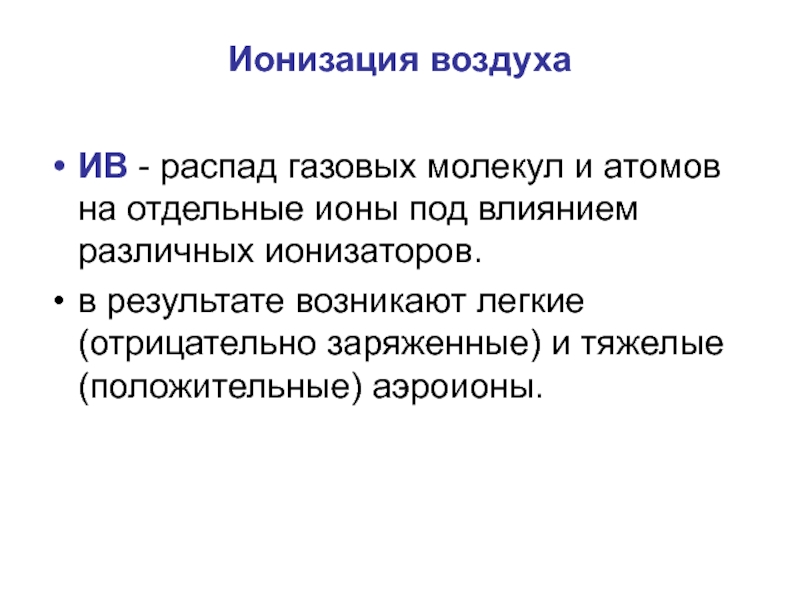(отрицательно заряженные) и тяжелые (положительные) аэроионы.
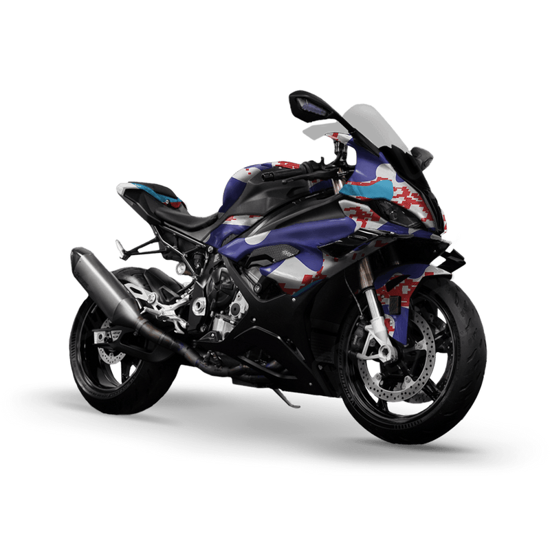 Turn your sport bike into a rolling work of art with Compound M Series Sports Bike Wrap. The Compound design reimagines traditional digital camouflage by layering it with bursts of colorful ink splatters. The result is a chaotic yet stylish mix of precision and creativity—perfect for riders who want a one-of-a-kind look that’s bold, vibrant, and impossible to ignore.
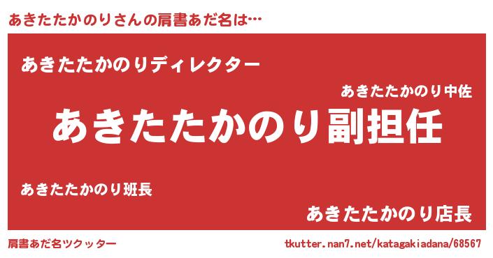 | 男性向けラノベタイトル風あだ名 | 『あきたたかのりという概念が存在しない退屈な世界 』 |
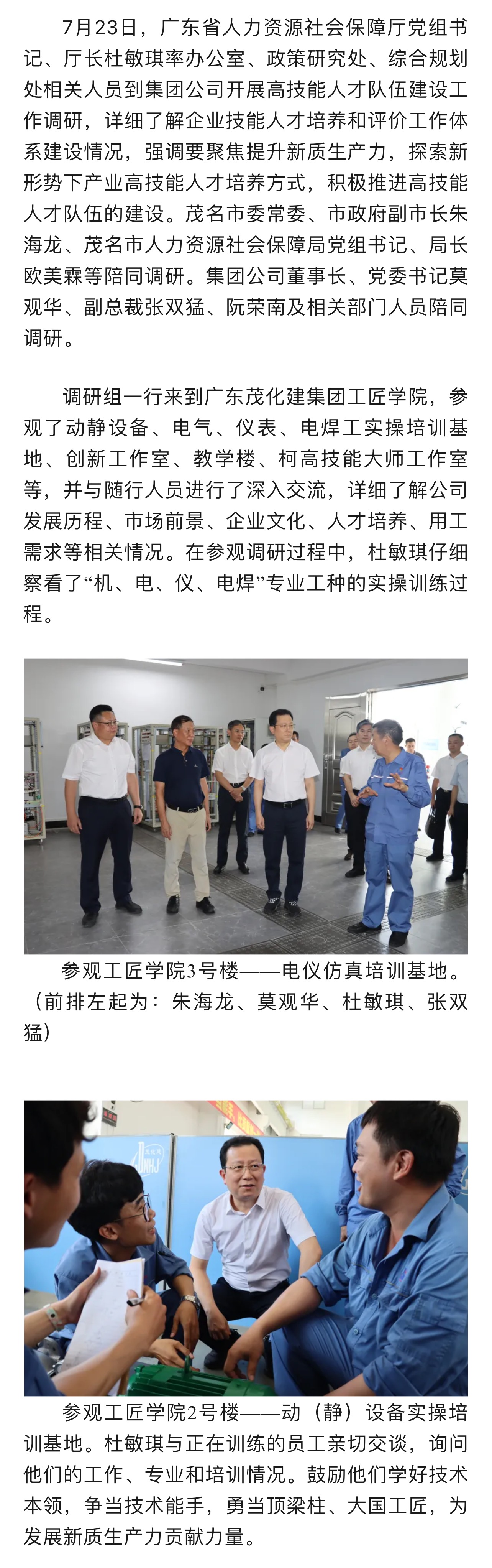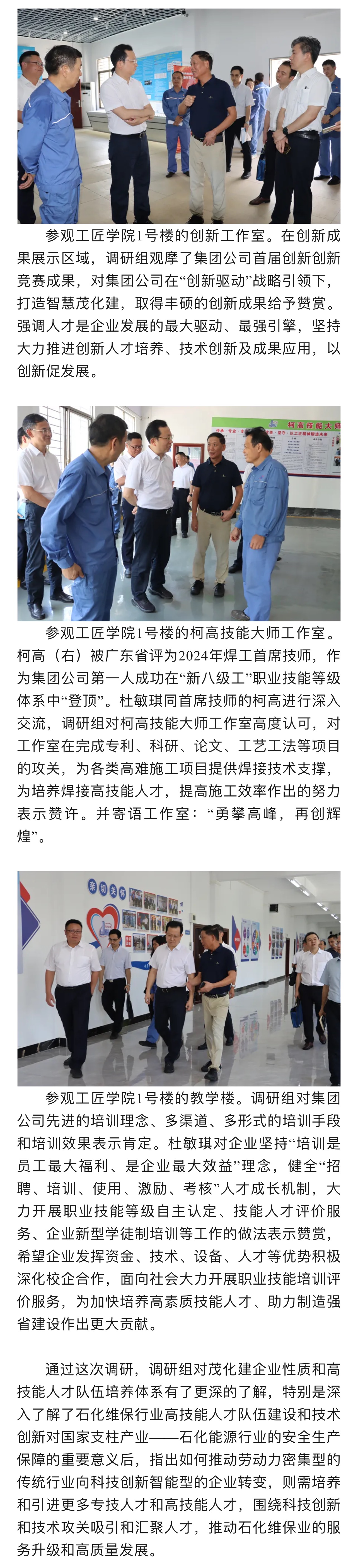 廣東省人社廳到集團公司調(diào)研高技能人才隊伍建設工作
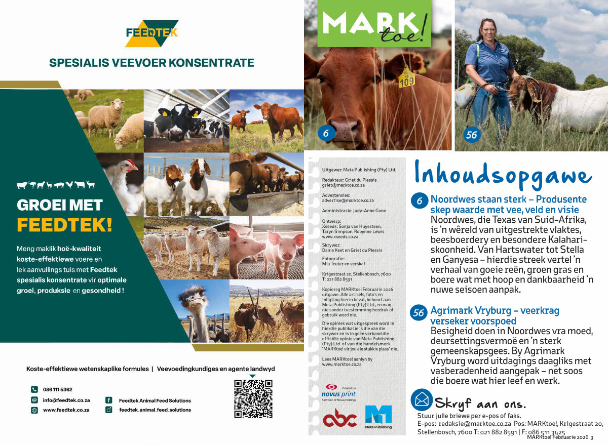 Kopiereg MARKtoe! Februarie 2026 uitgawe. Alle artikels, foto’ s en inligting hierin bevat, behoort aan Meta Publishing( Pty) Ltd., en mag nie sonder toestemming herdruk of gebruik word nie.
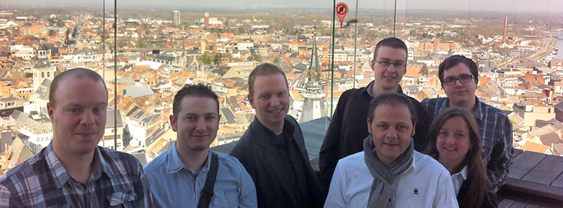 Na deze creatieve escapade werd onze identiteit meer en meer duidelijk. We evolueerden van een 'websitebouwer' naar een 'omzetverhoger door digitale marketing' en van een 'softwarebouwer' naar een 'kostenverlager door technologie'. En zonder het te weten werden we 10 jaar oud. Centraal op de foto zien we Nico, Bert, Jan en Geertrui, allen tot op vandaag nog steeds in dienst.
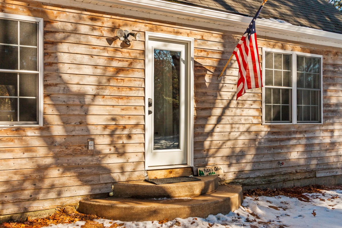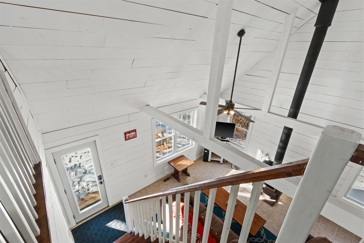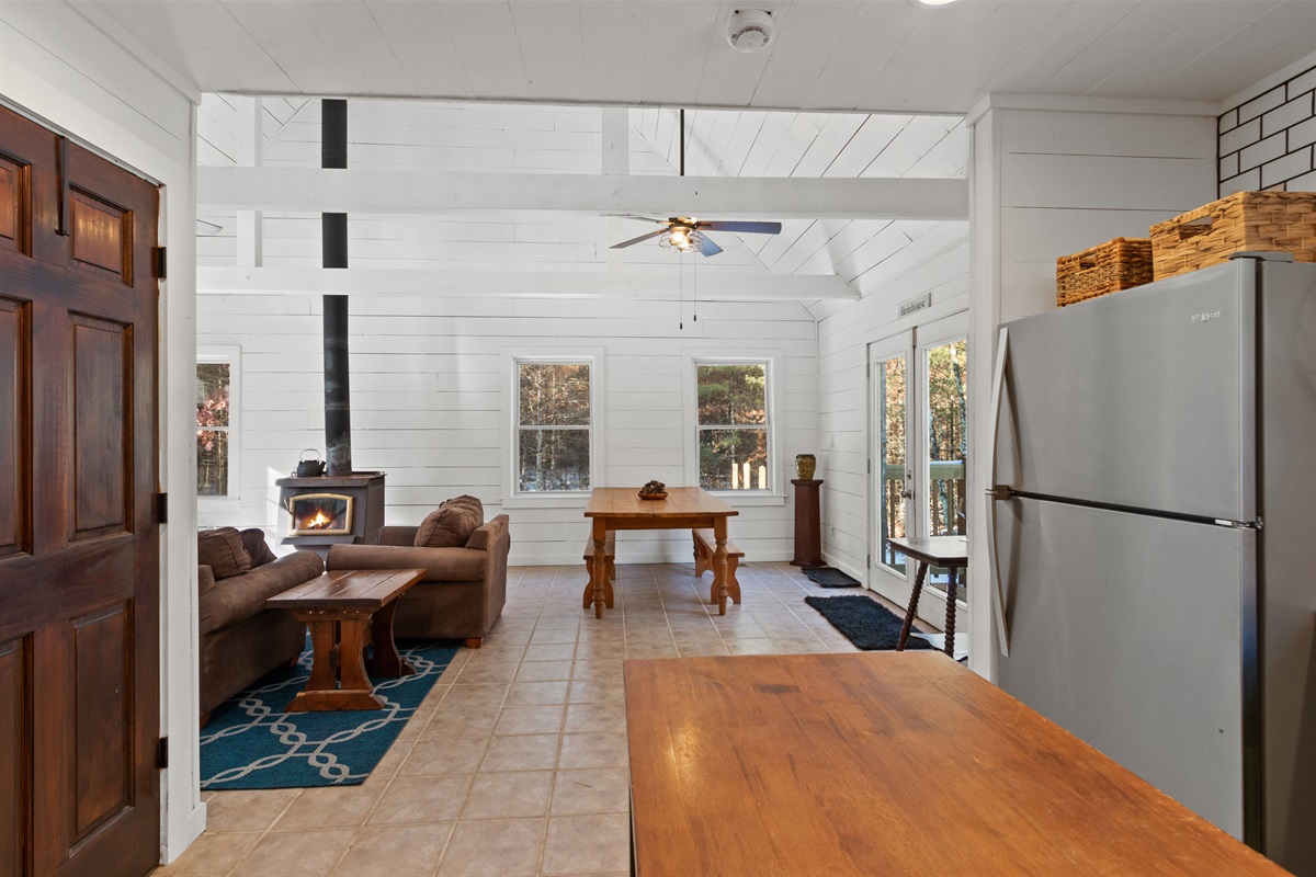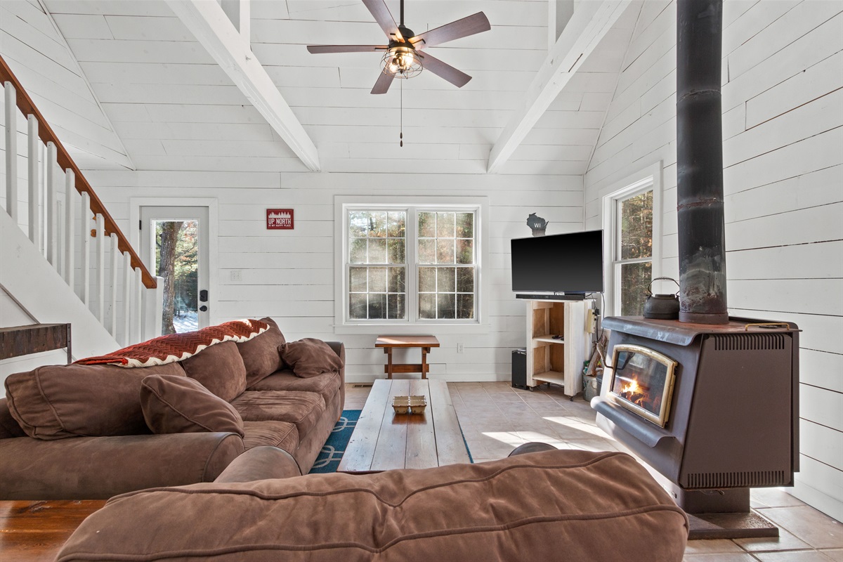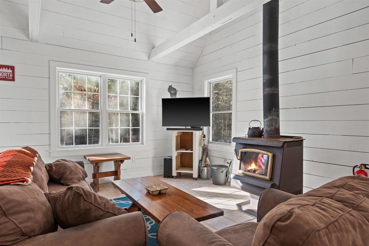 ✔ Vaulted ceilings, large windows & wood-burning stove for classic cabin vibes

- - - - -

*Brief:* From the first line of the records down through the line containing "Turn your sport", transcribe exactly those lines and no others, both ends kept, pictures dropped.

*Final answer:*
(отрицательно заряженные) и тяжелые (положительные) аэроионы.
 Turn your sport bike into a rolling work of art with Compound M Series Sports Bike Wrap. The Compound design reimagines traditional digital camouflage by layering it with bursts of colorful ink splatters. The result is a chaotic yet stylish mix of precision and creativity—perfect for riders who want a one-of-a-kind look that’s bold, vibrant, and impossible to ignore.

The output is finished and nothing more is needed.